» **Exercise goal**
Note on the material below: return exactly the lines from the line that holds "Карнавальная корона черного" through the line that holds "Unique Bargains Paint", and leave out each picture.

◇ ◇ ◇ ◇

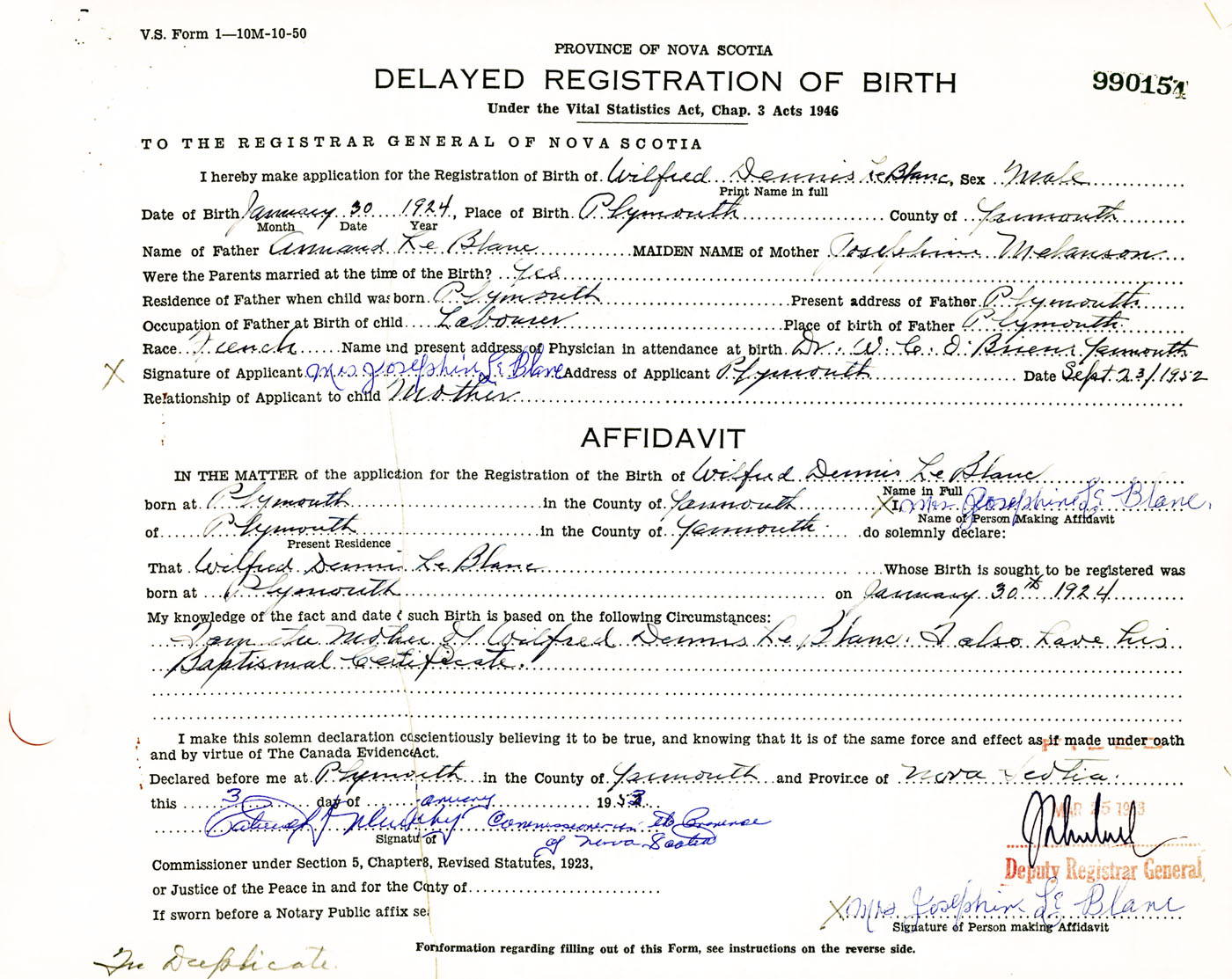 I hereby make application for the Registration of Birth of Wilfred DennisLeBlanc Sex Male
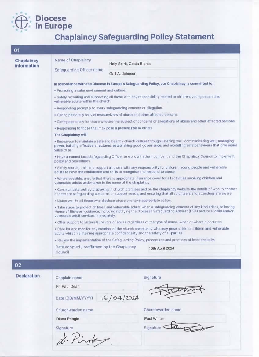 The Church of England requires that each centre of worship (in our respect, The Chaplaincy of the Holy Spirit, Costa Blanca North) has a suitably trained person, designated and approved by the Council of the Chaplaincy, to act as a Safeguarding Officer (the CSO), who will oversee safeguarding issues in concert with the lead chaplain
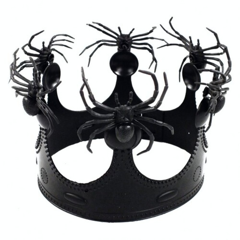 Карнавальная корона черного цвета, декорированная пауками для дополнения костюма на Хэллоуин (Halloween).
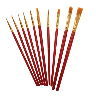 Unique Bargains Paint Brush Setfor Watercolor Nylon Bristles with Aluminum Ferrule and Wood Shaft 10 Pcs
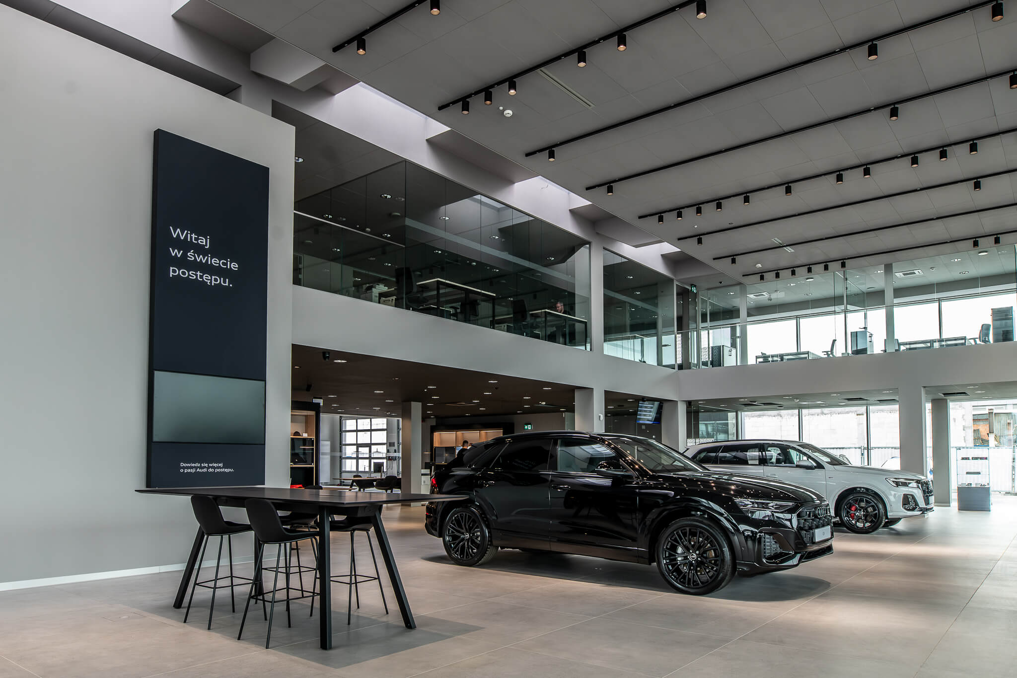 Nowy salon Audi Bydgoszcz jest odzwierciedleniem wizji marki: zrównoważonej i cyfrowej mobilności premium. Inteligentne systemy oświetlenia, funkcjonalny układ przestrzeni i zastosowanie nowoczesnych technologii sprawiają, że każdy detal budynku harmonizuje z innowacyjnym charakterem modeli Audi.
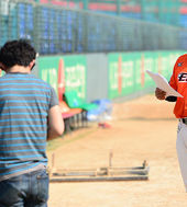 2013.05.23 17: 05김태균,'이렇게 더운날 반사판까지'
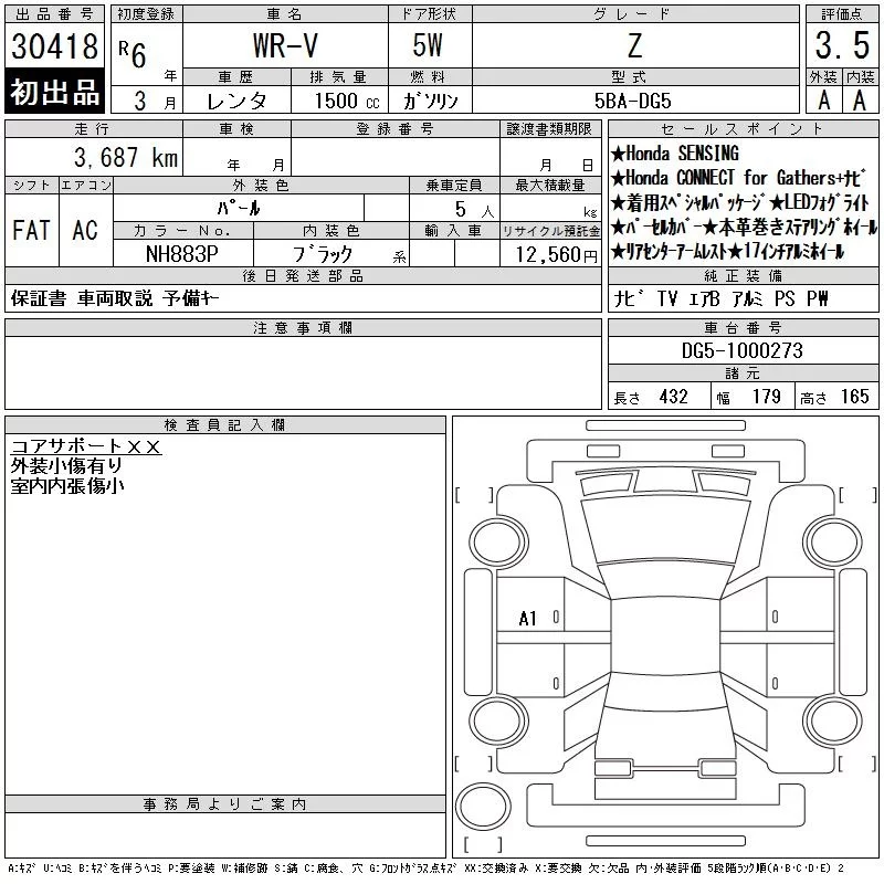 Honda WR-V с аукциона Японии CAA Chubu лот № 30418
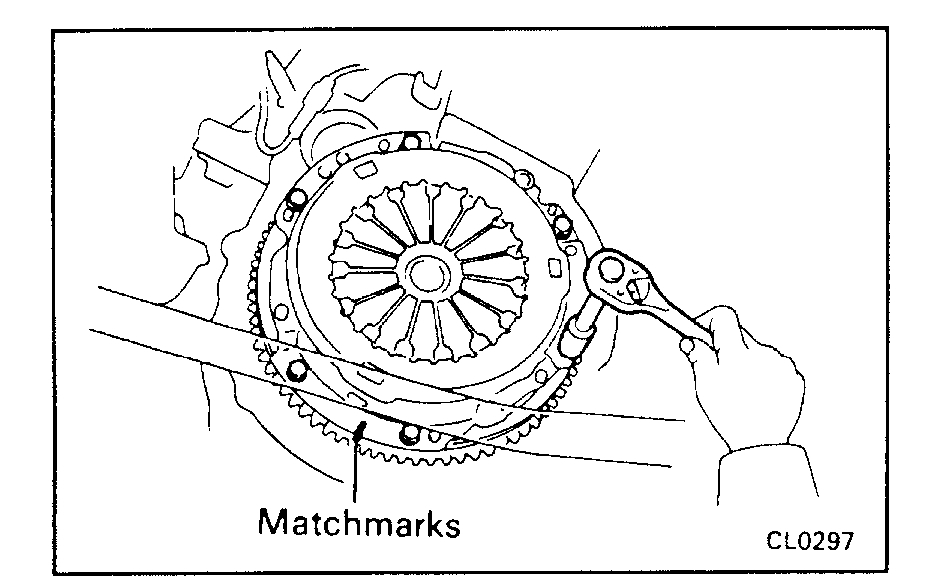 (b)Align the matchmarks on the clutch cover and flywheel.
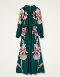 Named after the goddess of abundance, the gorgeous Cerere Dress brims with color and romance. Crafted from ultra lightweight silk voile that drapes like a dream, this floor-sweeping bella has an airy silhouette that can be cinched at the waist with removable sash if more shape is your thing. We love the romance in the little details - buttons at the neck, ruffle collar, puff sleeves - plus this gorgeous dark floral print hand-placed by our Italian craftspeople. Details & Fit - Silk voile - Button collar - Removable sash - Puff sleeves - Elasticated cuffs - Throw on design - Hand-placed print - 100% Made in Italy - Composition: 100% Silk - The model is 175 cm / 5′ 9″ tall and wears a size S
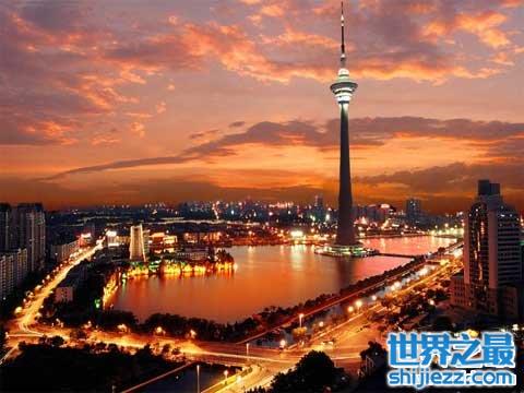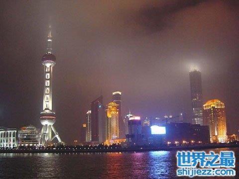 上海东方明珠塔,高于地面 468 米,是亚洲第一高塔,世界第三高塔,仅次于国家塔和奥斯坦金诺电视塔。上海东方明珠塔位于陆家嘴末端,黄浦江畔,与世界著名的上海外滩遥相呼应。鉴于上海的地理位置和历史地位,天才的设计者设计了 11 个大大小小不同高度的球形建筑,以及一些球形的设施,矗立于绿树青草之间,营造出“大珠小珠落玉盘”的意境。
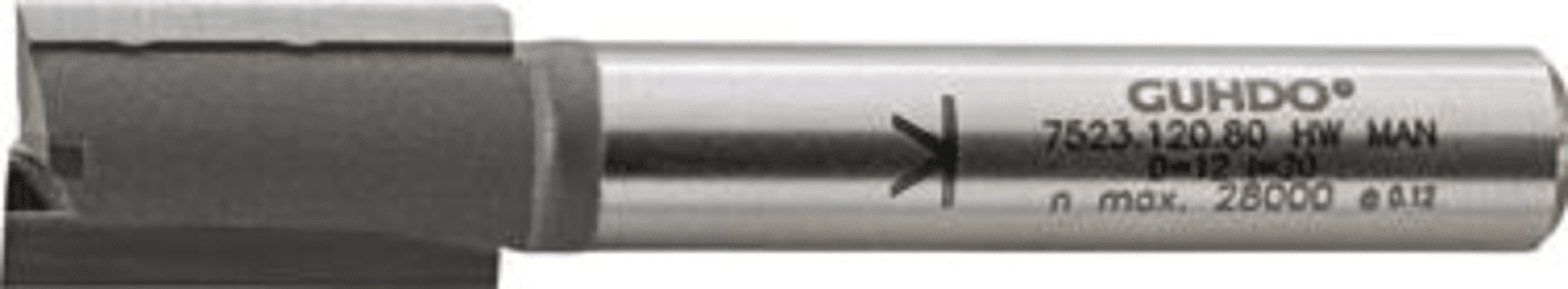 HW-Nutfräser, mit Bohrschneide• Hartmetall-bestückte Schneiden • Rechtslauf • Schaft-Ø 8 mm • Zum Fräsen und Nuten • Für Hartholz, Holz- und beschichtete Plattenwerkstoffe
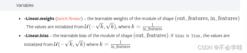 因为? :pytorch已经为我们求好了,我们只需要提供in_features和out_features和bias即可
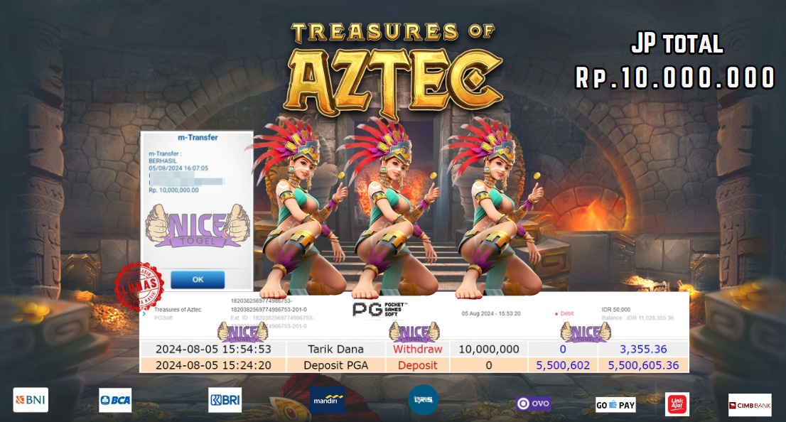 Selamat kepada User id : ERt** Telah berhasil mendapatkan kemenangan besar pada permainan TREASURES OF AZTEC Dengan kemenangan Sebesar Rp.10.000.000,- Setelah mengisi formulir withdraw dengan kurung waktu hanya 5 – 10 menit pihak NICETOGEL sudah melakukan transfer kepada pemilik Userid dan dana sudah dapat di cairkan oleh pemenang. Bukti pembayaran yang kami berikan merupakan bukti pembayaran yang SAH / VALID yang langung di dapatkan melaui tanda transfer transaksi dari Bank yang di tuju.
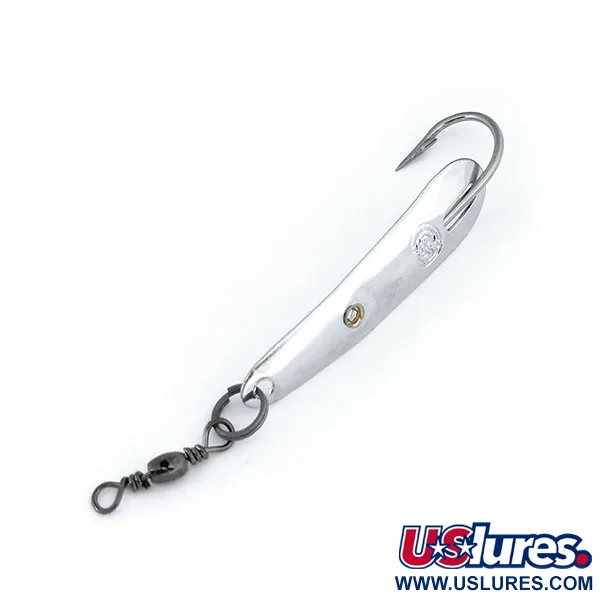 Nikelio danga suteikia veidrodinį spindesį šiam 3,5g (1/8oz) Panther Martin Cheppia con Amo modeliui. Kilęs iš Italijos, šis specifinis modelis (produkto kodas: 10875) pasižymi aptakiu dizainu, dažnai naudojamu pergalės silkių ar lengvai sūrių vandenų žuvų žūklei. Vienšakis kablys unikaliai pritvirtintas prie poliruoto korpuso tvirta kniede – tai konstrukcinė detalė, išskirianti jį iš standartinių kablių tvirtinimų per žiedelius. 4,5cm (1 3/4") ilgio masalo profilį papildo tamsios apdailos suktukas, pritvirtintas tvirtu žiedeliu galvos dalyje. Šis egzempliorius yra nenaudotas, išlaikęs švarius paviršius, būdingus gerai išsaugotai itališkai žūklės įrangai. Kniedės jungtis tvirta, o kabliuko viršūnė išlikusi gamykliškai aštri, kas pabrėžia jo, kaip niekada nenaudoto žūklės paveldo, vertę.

◇ ◇ ◇ ◇

» **Final answer**
 Карнавальная корона черного цвета, декорированная пауками для дополнения костюма на Хэллоуин (Halloween).
 Unique Bargains Paint Brush Setfor Watercolor Nylon Bristles with Aluminum Ferrule and Wood Shaft 10 Pcs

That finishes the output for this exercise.